Moses Chunga

Personal information
- Full name: Moses Chunga
- Date of birth: 17 October 1965 (age 60)
- Place of birth: Salisbury, Rhodesia (now Harare, Zimbabwe)
- Position: Midfielder

Senior career*
- Years: Team / Apps / (Gls)
- 1983–1988: Dynamos
- 1988–1992: Eendracht Aalst

International career
- 1987–1991: Zimbabwe

Managerial career
- Dynamos
- Shabanie Mine
- Gunners
- 2010: Shooting Stars
- 2010–2011: CAPS United
- 2011–2012: Gunners
- 2014–2015: Buffaloes F.C.
- 2016: Harare City F.C.

= Moses Chunga =

Zimbabwean footballer (born 1965)

Moses Chunga (born 17 October 1965) is a retired Zimbabwean footballer who played as a midfielder for Dynamos, Eendracht Aalst and the Zimbabwe national football team.
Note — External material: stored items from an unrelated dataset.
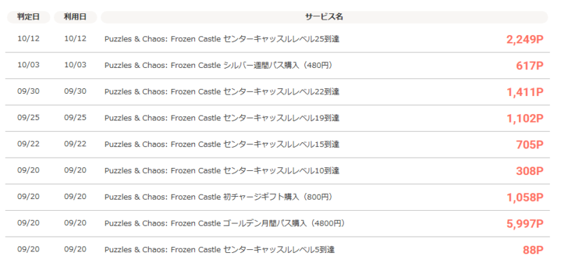 上画像は私のモッピーの通帳です。9月20日0時開始でゴールデン月間パスに4,800円課金、朝9時を過ぎてから初チャージギフト800円を購入しています。
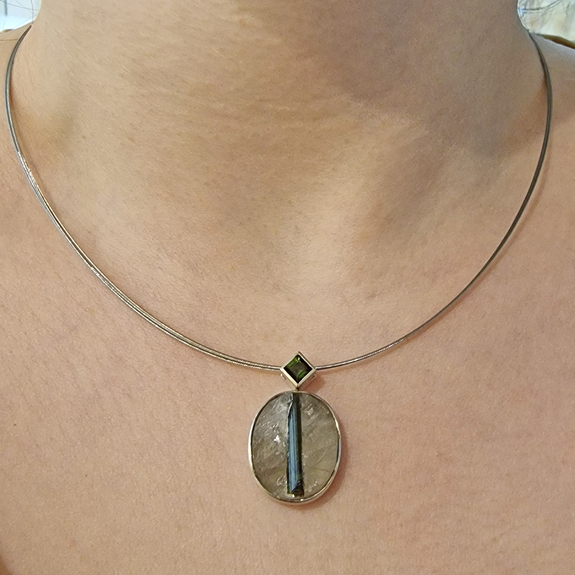 Die Aufhängung läuft durch die Fassung eines grünfarbenen Turmalins, der die Farbe der Nadel im Bergkristall wieder aufgreift.
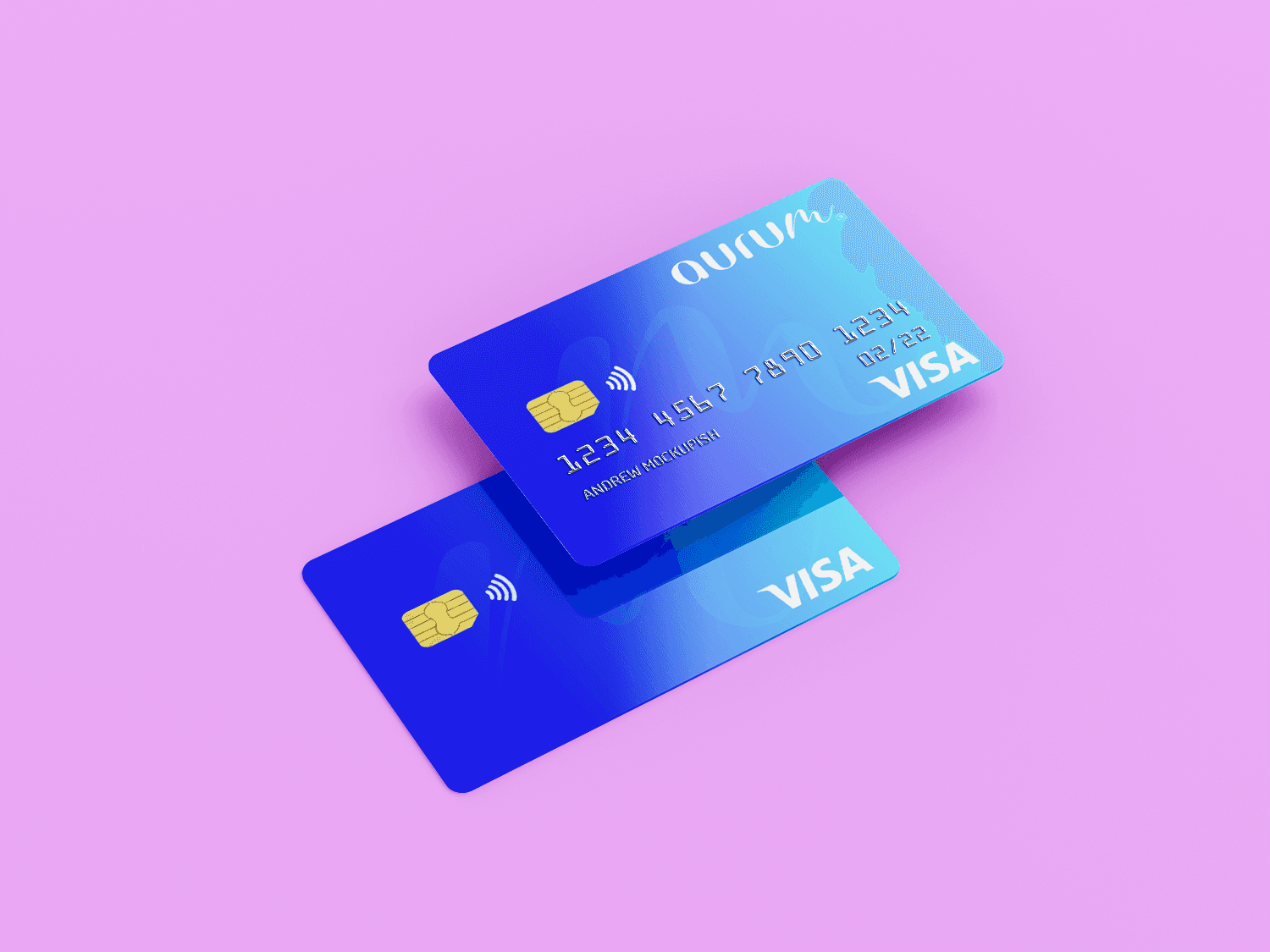 Card Design: A contactless-ready debit card with vibrant colour gradients and subtle gloss overlays.
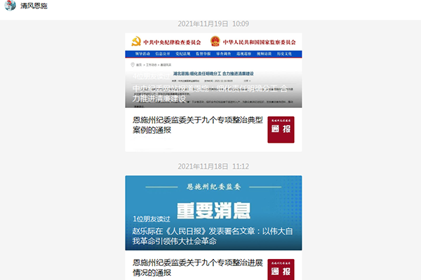 恩施州纪委监委不定期梳理九个专项整治进展情况和查处的典型案例,通过“清风恩施”微信公众号、州纪委门户网站等媒体平台,公开通报九个专项整治进展情况和查处的典型违纪违法案例,持续释放执纪必严、违纪必究的强烈信号,让人民群众在全面从严治党中不断增强获得感、幸福感、安全感。(恩施州纪委监委)
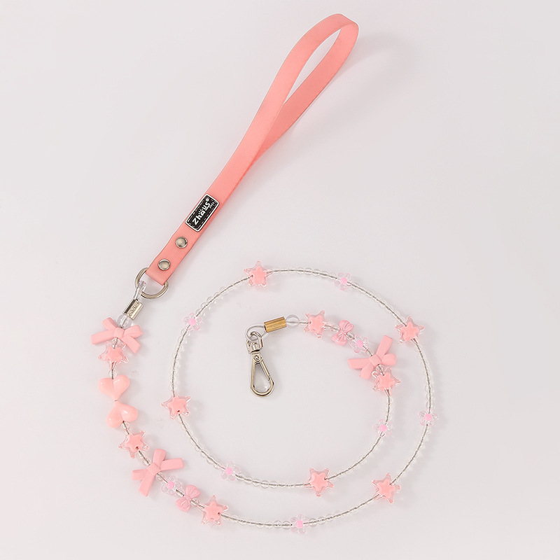 Zhousファッションプリンセス風ペット水晶牽引ベルトabs断裂防止小型猫犬ビーズ牽引ロープ

He was born to parents of Malawian descent, but chose to represent his nation of birth at international level. He is considered to be one of Zimbabwe's greatest ever midfielders.

==Coaching career==
In 2002, following a spell in charge at Dynamos, he was appointed head coach of Shabanie Mine.

Chunga won his first managerial honours with Gunners F.C., who became Zimbabwe Premier League champions in 2009. He subsequently left the Gunners before the start of the following season and joined fellow Harare-side Shooting Stars.

In June 2011, CAPS United announced that Moses Chunga had left the club, a day after his team was knocked out of the quarter-finals of the BancABC Sup8r by Highlanders. He was re-appointed as coach at Gunners F.C. a few weeks later.

In December 2012, Chunga revisited Aalst and was honoured by his old club and by the City Council, being invited to sign the Golden Book of Aalst, the community's highest civic honour.

On 11 March 2015, Chunga quit Buffaloes F.C.